Zhang Yiqun, Cheung Yiu-Ming, Tan Kay Chen
IEEE Trans Neural Netw Learn Syst. 2020 Jan;31(1):39-52. doi: 10.1109/TNNLS.2019.2899381. Epub 2019 Mar 19.
Ordinal data are common in many data mining and machine learning tasks. Compared to nominal data, the possible values (also called categories interchangeably) of an ordinal attribute are naturally ordered. Nevertheless, since the data values are not quantitative, the distance between two categories of an ordinal attribute is generally not well defined, which surely has a serious impact on the result of the quantitative analysis if an inappropriate distance metric is utilized. From the practical perspective, ordinal-and-nominal-attribute categorical data, i.e., categorical data associated with a mixture of nominal and ordinal attributes, is common, but the distance metric for such data has yet to be well explored in the literature. In this paper, within the framework of clustering analysis, we therefore first propose an entropy-based distance metric for ordinal attributes, which exploits the underlying order information among categories of an ordinal attribute for the distance measurement. Then, we generalize this distance metric and propose a unified one accordingly, which is applicable to ordinal-and-nominal-attribute categorical data. Compared with the existing metrics proposed for categorical data, the proposed metric is simple to use and nonparametric. More importantly, it reasonably exploits the underlying order information of ordinal attributes and statistical information of nominal attributes for distance measurement. Extensive experiments show that the proposed metric outperforms the existing counterparts on both the real and benchmark data sets.
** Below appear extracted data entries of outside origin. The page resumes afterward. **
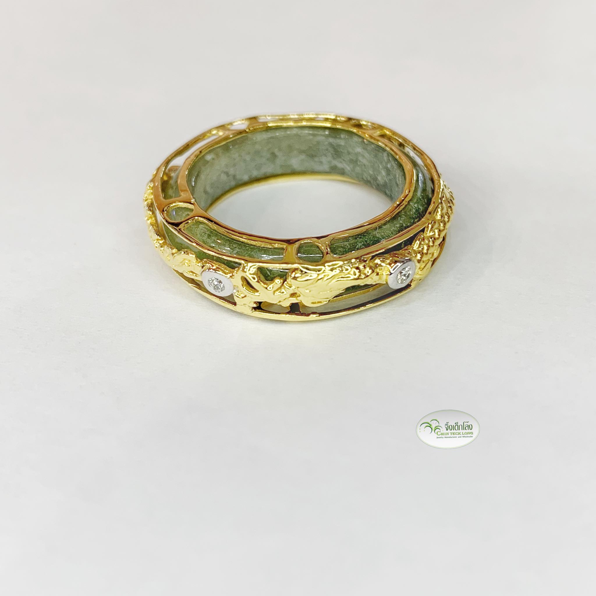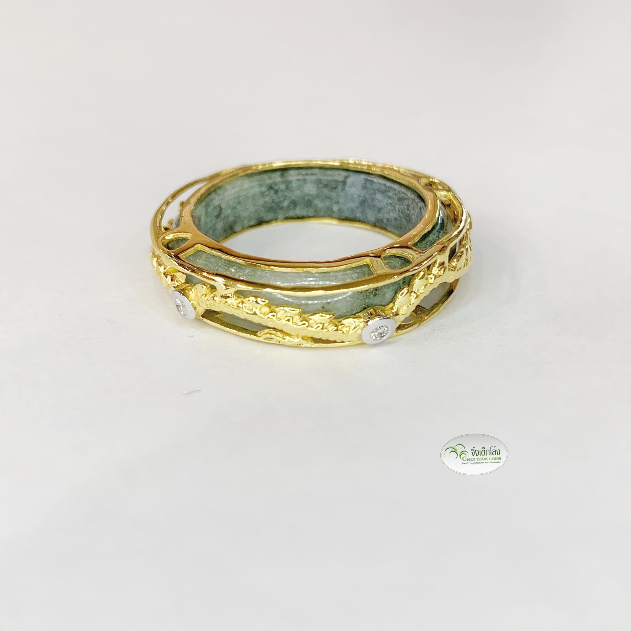 แหวนหยกพม่าหุ้มทองลายมังกร/พญานาค หน้ากว้าง 0.5 ซม. ทองคำแท้ เพชรขาวไม่มีตำหนิ น้ำ97-98 IF-VVS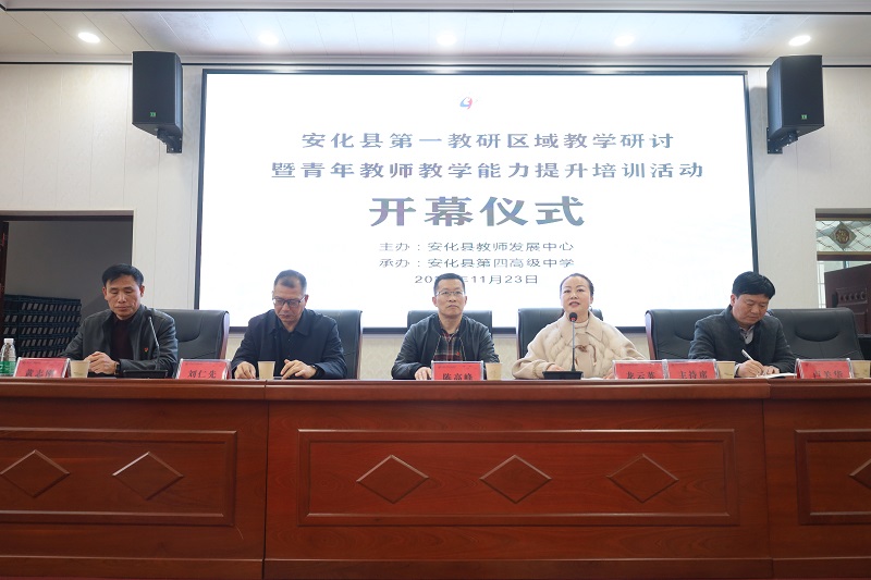 本网讯 11月23日上午,安化县2022年第一教研区域教学研讨暨青年教师教学能力提升培训活动在安化四中举行。县教师发展中心副主任陈高峰、高中部主任龙云英携各科教研员与全县省示范高中、普高、职业中专的130余名教师参与活动。开幕式由龙云英主持。 仪式上,该校党支部书记、校长黄志刚向与会领导和教师的到来表示了热烈的欢迎,并表示此次区域教研活动为县内青年教师搭建了一个展示自我、提升自我的平台,是一次宝贵的学习机会,希望全体青年教师虚心请教,不断钻研。 刘仁先校长和卢关华副校长先后强调众人拾柴火焰高,集体的智慧是无穷的。希望借此次区域教研活动增进兄弟学校之间的交流,促进青年教师教育教学能力的提升,共同助推安化教育教学质量! 陈高峰对一、二中两所学校发挥的示范引领作用表示高度赞扬,并对此次精心准备的授课教师给予了充分的肯定,同时,他还鞭策全体青年教师要珍惜来之不易的机会,积极听课,积极思考,将精彩课堂中的亮点特色选择性地与个人教学设计相融合,提升课堂质量,促进校内教育教学的改革和发展。陈高峰最后还强调,希望以区域教研为契机,不断搭建兄弟学校互助成长平台,实现资源共享和教育教学经验交流、优势互补,齐心协力,促进安化教育事业蓬勃发展! 龙云英就新入职教师的具体要求和测评方案作简要介绍。她从教学目标五大着力点、重难点的突破、教学环节的设计、教学反思的撰写、听课等方面对全体青年教师作出严格要求,希望全体青年教师扎实地备好每一堂课,根植于常态课堂,通过督评与自我学习相结合的方式促进教师群体教育教学水平的迅速提升,迎来安化高中教育事业的辉煌! 教学征途路漫漫,吾将上下而求索。此次同课异构的教研模式为县内学校提供了交流平台,全体教师通过共同探讨课堂的方式,从中领略课堂教学的不同魅力,在收获的同时也激励着他们往后刻苦钻研教学,坚定了教书育人、无私奉献的决心,做一名潜心教学的好老师!(通讯员:罗竹芽)
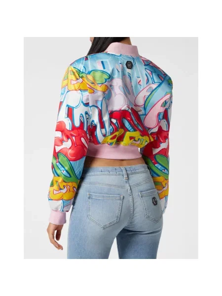 Philipp Plein Satynowy wielobarwność kurtka bomber o krotszym kroju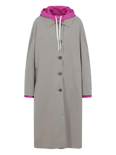 Miu Miu Clay Grey Cotton Coat. Grey cotton coat, multilayered and reversible design, pointed collar, front buttoned fastening, side pockets, long sleeves, straight hem. Purple azalea polyester lining, purple azalea adjustable hood, inner zipped pockets.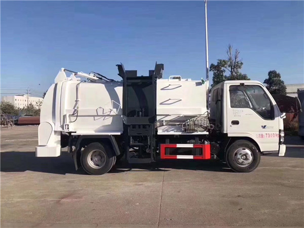 專用配置:由廂體、裝料機構、壓縮機構、卸料機構、油泵、油缸、控制閥等組成的液壓機構組成。廂體材料為優質碳鋼,厚度(單位:mm):邊4底4,廂體容積:5立方,裝料機構由支架,連桿機構,凸輪,掛鉤等組成,在油缸推動下,裝料斗內的垃圾壓縮到廂體內。選裝:1、掛桶翻料機構,2、簸箕翻料機構。壓縮機構由鋼板與槽鋼焊合的壓板,導輪及油缸座等組成,在油缸推動下,將料斗內的垃圾壓縮廂體內。壓縮循環時間:25-30s,壓縮密度:06-0.8Tt/立方,缸料機構由缸料油缸與卸料推板組成,卸料推板由鋼板和支架焊合而成,由導槽定位,由油缸伸長推動卸料推板而卸出垃圾,推卸垃圾時間:40s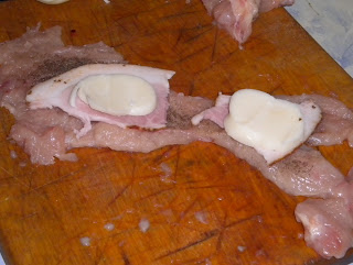 Am folosit 2 bucati de piept de pui, sunca afumata, cascaval, condimente, ulei.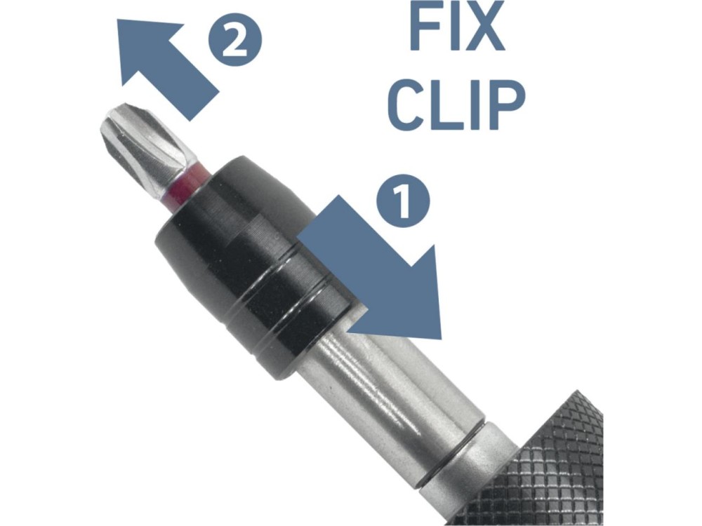 • Mechanismus funkce Fix-Clip pracuje tak, že hrot je po lehkém zatlačení do držáku pevně zafixován a pro jeho vyjmutí je třeba vnější prstenec nejprve zatlačit směrem k rukojeti a poté hrot vyjmout.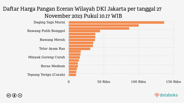- Daging Sapi Murni: Rp136.580 per kg (turun Rp850)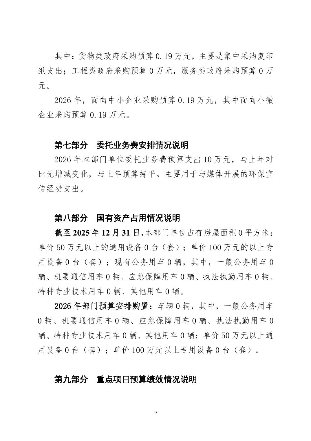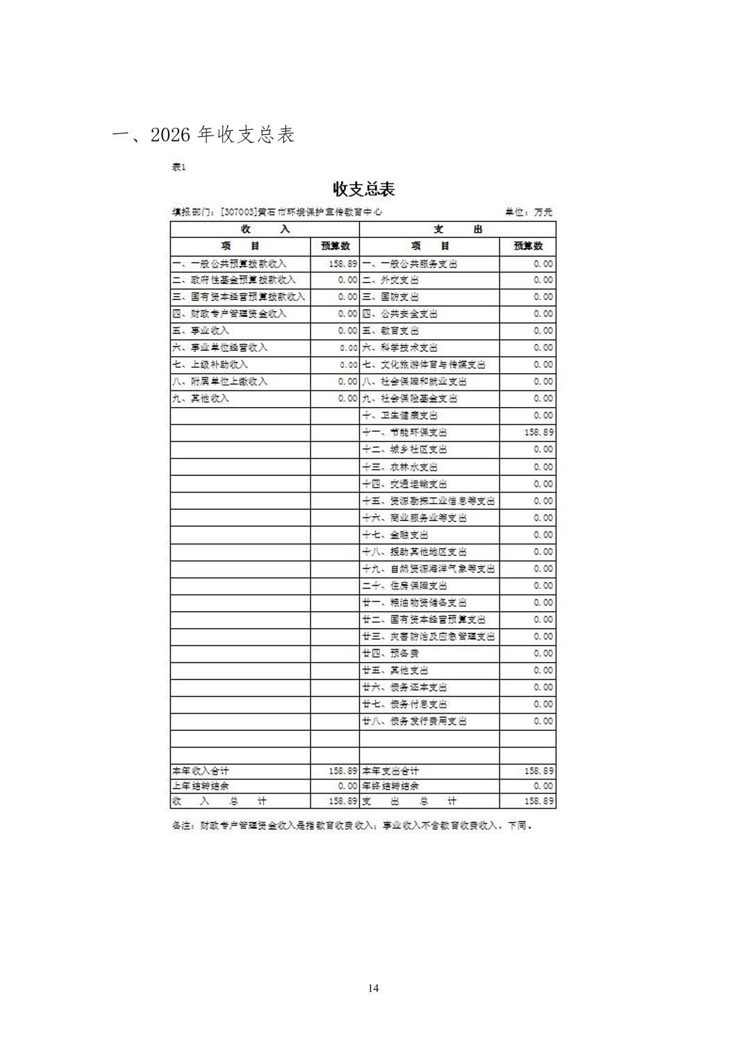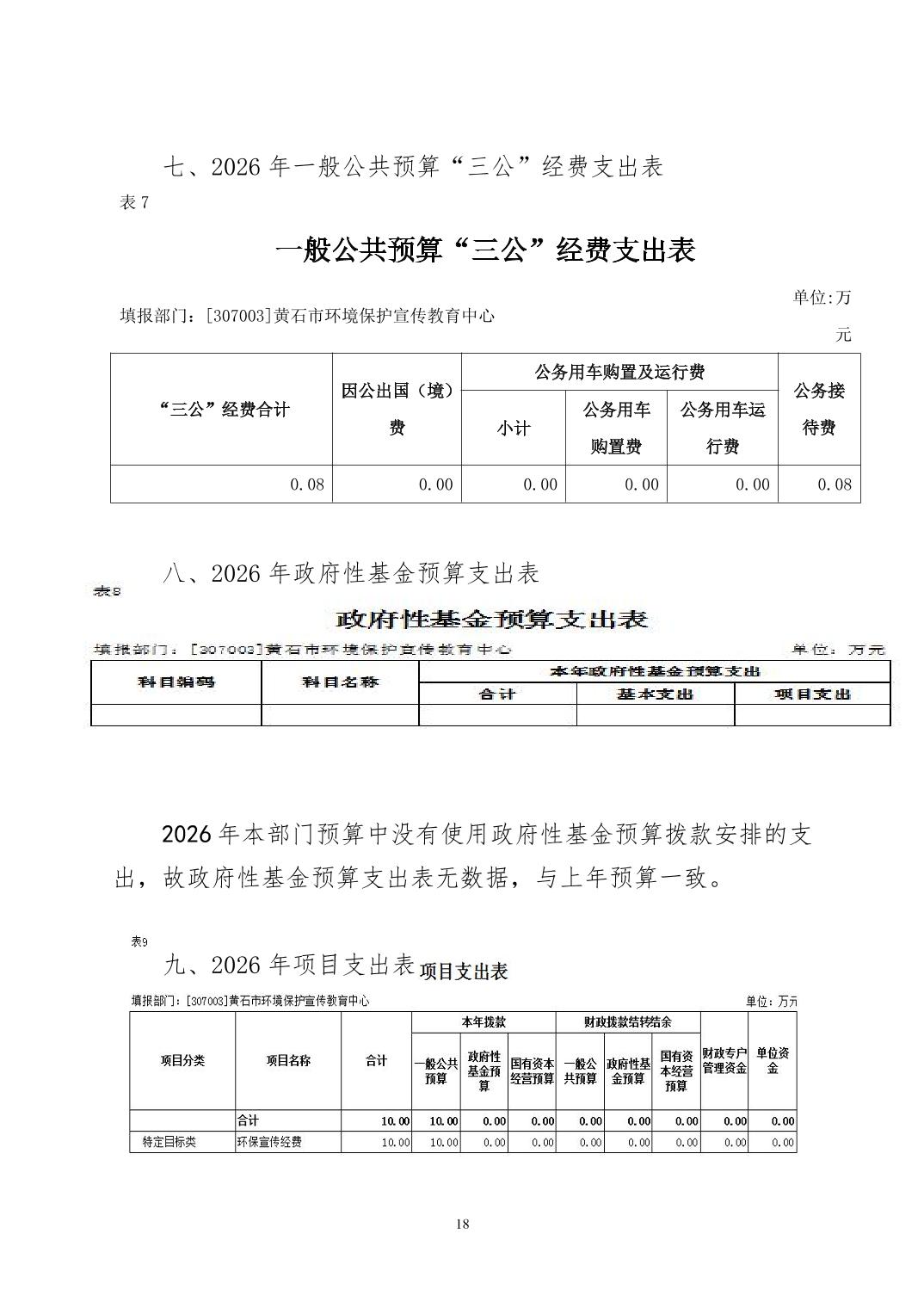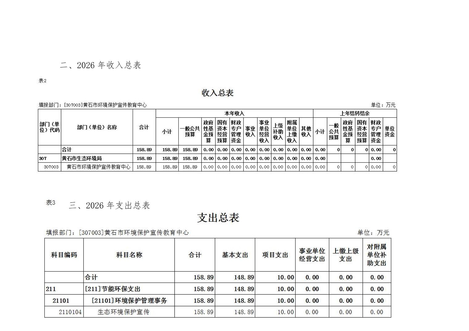 2026年度黄石市环境保护宣传教育中心部门预算公开情况说明

序数数据在许多数据挖掘和机器学习任务中很常见。与标称数据相比,序数属性的可能值(也可互换地称为类别)是自然有序的。然而,由于数据值不是定量的,序数属性的两个类别之间的距离通常没有很好地定义,如果使用不适当的距离度量,这肯定会对定量分析的结果产生严重影响。从实际角度来看,序数和标称属性分类数据,即与标称和序数属性混合相关的分类数据很常见,但此类数据的距离度量在文献中尚未得到充分探索。因此,在本文中,在聚类分析的框架内,我们首先为序数属性提出了一种基于熵的距离度量,该度量利用序数属性类别之间的潜在顺序信息进行距离测量。然后,我们对这个距离度量进行了推广,并相应地提出了一个统一的距离度量,它适用于序数和标称属性分类数据。与现有的针对分类数据提出的度量相比,所提出的度量使用简单且非参数化。更重要的是,它合理地利用了序数属性的潜在顺序信息和标称属性的统计信息进行距离测量。大量实验表明,所提出的度量在真实数据集和基准数据集上均优于现有同类度量。